Jake from Philadelphia, nineteen or twenty at his short war, and her husband-having already gained the luxury of thirty-five years-making his unspoken promise to the boy. But what did it portend: Was it a blessing or a bad omen? Had they gained their son a guardian angel or the bitter irony of a repeated fate?

Pauline at dinner that Sunday said, “I light a candle at St. Patrick’s every day. For Jacob. Just like we did during the war.”

On the table beside Pauline’s plate was the glass with the dregs of her third Manhattan. (Too many by two, Mary Keane had told her husband in the kitchen when he came out to carve the roast, but, he said, he had asked and she had accepted, what more could he do?) Only one of the three round slices of meat he had put on her plate had been disturbed. She had merely run her fork through the turnips, although Mary had prepared them precisely for her. Daintily, she’d taken only small tastes of mashed potatoes throughout the meal, although she’d also kept an eye on Clare’s plate, as was her habit, urging her to finish her corn and take some more gravy and put more butter on that roll. “Okay,” the girl responded, simply, pleasantly. How old had she been when she’d discovered the knack of dealing with Pauline, her mother wondered. Or had she been born with the knowledge? Annie, on the other hand, got through every meal with Pauline in a slow burn.

“Annie’s not one for finishing her milk these days,” Pauline declared, her fingers touching the stem of her cocktail glass. “Is she worried about her figure?”

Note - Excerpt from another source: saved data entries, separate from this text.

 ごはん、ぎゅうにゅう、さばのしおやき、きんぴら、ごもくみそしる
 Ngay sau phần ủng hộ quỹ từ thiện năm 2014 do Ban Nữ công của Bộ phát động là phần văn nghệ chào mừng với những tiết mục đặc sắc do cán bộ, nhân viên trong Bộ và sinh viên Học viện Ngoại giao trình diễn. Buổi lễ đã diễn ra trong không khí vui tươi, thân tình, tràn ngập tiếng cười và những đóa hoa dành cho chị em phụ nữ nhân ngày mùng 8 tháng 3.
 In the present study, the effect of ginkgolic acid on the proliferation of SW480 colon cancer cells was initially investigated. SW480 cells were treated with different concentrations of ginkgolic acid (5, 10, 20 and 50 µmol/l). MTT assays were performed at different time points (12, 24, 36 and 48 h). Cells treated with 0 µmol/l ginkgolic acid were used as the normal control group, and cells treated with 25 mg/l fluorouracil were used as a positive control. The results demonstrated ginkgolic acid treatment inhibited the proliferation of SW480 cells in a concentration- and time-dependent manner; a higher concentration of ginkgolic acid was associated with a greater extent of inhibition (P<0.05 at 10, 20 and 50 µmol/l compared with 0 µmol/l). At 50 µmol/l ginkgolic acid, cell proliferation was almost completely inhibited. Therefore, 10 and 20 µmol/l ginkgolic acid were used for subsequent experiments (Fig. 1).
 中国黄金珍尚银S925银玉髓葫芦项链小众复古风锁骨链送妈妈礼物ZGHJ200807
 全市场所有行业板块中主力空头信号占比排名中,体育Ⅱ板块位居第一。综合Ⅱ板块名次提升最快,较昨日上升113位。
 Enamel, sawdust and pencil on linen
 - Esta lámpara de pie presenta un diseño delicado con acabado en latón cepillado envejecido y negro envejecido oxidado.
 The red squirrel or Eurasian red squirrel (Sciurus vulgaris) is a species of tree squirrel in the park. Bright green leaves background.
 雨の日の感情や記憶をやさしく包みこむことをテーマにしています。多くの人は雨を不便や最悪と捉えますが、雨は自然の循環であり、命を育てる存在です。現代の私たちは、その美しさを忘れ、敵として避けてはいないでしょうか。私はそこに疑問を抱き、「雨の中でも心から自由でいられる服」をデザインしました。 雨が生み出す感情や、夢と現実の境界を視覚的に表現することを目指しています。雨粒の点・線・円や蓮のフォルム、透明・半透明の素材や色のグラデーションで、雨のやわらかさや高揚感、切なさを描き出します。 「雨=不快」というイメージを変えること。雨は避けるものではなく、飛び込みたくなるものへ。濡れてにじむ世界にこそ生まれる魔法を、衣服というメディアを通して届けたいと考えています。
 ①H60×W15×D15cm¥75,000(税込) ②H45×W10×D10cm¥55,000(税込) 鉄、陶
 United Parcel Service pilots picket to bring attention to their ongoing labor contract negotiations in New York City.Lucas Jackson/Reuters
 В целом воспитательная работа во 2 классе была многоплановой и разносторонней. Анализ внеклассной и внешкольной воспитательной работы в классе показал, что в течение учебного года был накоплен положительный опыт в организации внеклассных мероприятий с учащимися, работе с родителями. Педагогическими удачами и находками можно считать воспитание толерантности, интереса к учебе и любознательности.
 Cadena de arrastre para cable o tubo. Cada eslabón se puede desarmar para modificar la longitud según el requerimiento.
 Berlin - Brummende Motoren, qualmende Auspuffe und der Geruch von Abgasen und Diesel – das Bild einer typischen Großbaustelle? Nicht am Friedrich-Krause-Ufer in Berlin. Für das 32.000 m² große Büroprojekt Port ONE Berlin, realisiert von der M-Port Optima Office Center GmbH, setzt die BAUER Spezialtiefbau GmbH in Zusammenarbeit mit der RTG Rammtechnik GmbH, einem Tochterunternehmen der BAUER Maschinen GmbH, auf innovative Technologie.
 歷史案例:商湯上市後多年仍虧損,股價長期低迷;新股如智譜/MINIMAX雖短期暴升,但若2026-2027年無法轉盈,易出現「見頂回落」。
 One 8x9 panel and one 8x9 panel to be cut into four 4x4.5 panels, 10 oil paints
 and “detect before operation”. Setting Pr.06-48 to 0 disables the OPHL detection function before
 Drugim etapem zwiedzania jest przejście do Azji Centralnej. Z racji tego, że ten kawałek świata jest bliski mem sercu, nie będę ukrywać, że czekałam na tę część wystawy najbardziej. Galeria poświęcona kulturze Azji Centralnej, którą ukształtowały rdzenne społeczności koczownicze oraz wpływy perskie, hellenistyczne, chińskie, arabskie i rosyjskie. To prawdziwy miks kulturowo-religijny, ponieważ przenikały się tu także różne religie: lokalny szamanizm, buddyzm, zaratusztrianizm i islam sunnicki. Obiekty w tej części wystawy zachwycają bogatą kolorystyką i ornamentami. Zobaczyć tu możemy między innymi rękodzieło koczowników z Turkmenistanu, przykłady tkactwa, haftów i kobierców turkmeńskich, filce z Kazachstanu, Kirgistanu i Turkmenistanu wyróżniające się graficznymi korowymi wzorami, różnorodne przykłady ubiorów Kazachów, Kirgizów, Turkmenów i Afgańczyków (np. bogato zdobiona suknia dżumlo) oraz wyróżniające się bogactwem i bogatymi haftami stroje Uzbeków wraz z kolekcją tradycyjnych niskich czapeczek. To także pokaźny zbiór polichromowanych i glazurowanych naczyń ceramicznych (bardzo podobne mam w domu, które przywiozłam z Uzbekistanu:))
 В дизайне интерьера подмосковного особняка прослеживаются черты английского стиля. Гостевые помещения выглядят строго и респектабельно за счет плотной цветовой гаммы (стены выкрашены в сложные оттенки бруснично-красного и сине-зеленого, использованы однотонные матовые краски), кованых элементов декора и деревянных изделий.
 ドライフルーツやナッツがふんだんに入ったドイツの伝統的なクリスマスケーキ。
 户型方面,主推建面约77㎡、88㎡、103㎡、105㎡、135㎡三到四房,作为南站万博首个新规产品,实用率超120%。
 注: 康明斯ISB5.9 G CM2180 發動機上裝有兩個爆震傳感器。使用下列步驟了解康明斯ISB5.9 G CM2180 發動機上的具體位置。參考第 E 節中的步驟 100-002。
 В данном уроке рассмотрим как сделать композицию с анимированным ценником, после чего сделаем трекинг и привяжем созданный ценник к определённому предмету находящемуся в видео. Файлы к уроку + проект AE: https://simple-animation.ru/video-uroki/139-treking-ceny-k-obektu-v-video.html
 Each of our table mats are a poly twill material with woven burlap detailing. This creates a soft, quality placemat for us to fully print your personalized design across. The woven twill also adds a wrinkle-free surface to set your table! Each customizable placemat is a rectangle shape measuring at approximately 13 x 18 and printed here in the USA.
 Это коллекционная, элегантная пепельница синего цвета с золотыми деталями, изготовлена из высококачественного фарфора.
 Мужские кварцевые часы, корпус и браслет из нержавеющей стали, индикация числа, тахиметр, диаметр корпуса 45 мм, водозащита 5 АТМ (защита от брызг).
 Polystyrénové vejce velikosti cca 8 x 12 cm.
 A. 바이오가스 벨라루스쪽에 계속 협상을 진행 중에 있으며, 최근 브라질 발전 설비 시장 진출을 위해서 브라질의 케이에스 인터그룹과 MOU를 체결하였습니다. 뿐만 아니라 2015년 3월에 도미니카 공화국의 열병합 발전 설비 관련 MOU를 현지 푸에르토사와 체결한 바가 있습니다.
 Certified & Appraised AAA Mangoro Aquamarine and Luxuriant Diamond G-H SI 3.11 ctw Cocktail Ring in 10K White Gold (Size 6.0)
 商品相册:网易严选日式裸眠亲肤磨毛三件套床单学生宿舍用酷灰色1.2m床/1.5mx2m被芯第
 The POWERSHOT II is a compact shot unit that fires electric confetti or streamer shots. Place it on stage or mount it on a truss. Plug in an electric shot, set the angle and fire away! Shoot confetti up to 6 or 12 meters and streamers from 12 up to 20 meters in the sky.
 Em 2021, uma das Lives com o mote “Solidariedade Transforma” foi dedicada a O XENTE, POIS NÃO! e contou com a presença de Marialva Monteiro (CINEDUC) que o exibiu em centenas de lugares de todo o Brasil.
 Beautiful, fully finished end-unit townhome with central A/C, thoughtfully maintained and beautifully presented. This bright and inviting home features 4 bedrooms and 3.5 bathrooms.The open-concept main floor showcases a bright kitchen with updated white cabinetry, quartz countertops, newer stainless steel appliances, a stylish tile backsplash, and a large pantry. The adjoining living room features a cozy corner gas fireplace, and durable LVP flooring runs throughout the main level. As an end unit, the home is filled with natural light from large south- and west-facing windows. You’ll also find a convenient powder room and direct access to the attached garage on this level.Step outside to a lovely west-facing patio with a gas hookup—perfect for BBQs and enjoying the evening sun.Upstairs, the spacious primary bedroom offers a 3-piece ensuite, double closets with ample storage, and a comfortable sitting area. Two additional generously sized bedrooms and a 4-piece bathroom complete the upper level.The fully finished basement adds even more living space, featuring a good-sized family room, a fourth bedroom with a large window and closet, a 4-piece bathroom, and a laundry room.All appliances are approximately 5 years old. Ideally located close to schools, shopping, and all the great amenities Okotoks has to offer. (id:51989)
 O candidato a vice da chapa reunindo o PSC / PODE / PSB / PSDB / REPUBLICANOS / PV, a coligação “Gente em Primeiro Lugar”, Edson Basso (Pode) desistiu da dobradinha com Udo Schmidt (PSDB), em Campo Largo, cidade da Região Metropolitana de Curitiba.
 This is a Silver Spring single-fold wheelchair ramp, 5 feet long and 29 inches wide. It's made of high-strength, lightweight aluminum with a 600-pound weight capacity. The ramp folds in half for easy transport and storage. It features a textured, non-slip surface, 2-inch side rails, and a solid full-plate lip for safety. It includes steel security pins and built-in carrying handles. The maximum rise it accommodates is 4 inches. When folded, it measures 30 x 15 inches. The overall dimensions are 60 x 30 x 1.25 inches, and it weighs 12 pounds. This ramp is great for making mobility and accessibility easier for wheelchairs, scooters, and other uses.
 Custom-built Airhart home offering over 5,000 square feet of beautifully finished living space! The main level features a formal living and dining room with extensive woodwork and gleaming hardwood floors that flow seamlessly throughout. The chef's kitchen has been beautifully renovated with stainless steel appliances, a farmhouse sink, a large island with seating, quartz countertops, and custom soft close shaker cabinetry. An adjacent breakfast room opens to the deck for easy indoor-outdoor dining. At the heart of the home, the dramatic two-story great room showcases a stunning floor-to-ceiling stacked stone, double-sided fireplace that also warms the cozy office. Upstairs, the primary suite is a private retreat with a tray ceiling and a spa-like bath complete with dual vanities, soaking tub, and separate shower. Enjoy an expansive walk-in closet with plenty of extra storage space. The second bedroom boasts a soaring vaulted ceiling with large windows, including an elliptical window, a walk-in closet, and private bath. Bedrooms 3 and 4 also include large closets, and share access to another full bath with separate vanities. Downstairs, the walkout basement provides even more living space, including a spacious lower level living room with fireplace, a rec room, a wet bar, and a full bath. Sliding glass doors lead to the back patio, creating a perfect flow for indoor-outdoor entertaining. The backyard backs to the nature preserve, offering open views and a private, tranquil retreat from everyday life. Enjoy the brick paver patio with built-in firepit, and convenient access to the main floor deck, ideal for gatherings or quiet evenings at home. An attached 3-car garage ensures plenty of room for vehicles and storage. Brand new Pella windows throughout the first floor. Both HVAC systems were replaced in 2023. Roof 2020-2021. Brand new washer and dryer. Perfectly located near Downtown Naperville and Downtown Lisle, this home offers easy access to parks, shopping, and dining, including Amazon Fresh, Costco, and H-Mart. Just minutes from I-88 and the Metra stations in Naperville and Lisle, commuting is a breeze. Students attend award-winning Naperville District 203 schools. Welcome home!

“No she’s not,” Annie said. “She’s just knows when she’s had enough.” And suffered for her rudeness her parents’ grim looks across the Sunday lace tablecloth. Now that both her brothers were gone from the house, Pauline’s presence at dinner made Annie think of them all, her father included, as old maids.

“All the girls her age are constantly dieting,” Mary said pleasantly, to show her elder daughter how it should be done. “They can’t be too skinny.”

At the door that evening as Pauline got into her fur-collared coat there was the usual back and forth about how she could easily get herself home and how it was no trouble at all for John to take her-ending, as it usually did, with the compromise of a lift to the bus stop, at least, but only if Clare could come along.